We carefully entered the harbour at Rocella Ionica; it has silted since being constructed. We selected a vacant area of concrete wharf and moored alongside. It’s a first class built marina but as yet not finished. Many local boats, large commercial fishing boats from Sicily, the Guarda di Finanza, Carbinieri, and Coast Guards have gunboats and bases here. We were quickly and politely asked for all ships’ papers. We moored at the far end of what is obviously a very safe haven and found a few foreign yachts. (German, Finnish, English and French). Three had wintered in Tunisia one in Malta. All were bound for Greece.

12.4.2000
12.04 Hrs
Wednesday
14.0C
Baro 1005
85% humidity
Wind NW 10Knts

During the last few days we have visited the local town and climbed up to the huge castle ruins. In town the tradition of putting up posters announcing those who have recently died comes as a surprise, also the pictures of the dead on the grave stones.

The local supermarket is very close and full of good food at sensible prices. We have stocked up on long life milk and cheese. We used the bike with its “trailer” attached and it can carry a full supermarket trolley load.

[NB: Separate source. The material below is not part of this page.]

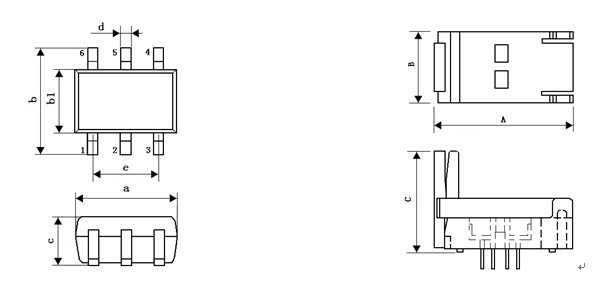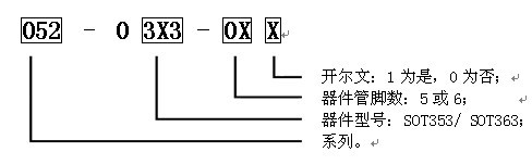 产 品 型 号 IC封装 a b b1 C D e A B C 052-0353-050 SOT353-5L 2.0±0.2 2.1±0.2 1.25 0.9±0.1 0.3±0.05 1.3 24.7 12.6 17.3 052-0363-060 SOT363-6L/SC70 2.0±0.2 2.1±0.1 1.25 0.9±0.1 0.3±0.05 1.3 24.7 12.6 18.0 052-0363-061 SOT363-6L/SC70 2.0±0.2 2.1±0.1 1.25 0.9±0.1 0.3±0.05 1.3 29.7 12.6 18.0DESCRIPTION & ORDERING INFORMATION

(Photo above shows Fae wondering if I should have been allowed out to the supermarket on my own! Also Tirla wash day!”)

Next to us in the marina is a Kingfishers nest and they are beautiful birds to watch. I was surprised to see one living and “working” a salt-water area. Yesterday there were on-shore winds and as the harbour entrance is shallow, huge rollers ran across the entrance making it impossible for boats to enter or leave. Inside all was peace and tranquility. We are opposite the Albanian shore and the Carbinieri seem to patrol the marina by car every 15 minutes by day and night. They are really on the alert. Still it makes us feel safer. It poured with rain most of the morning, much to the delight of the locals who have had little rain for many months.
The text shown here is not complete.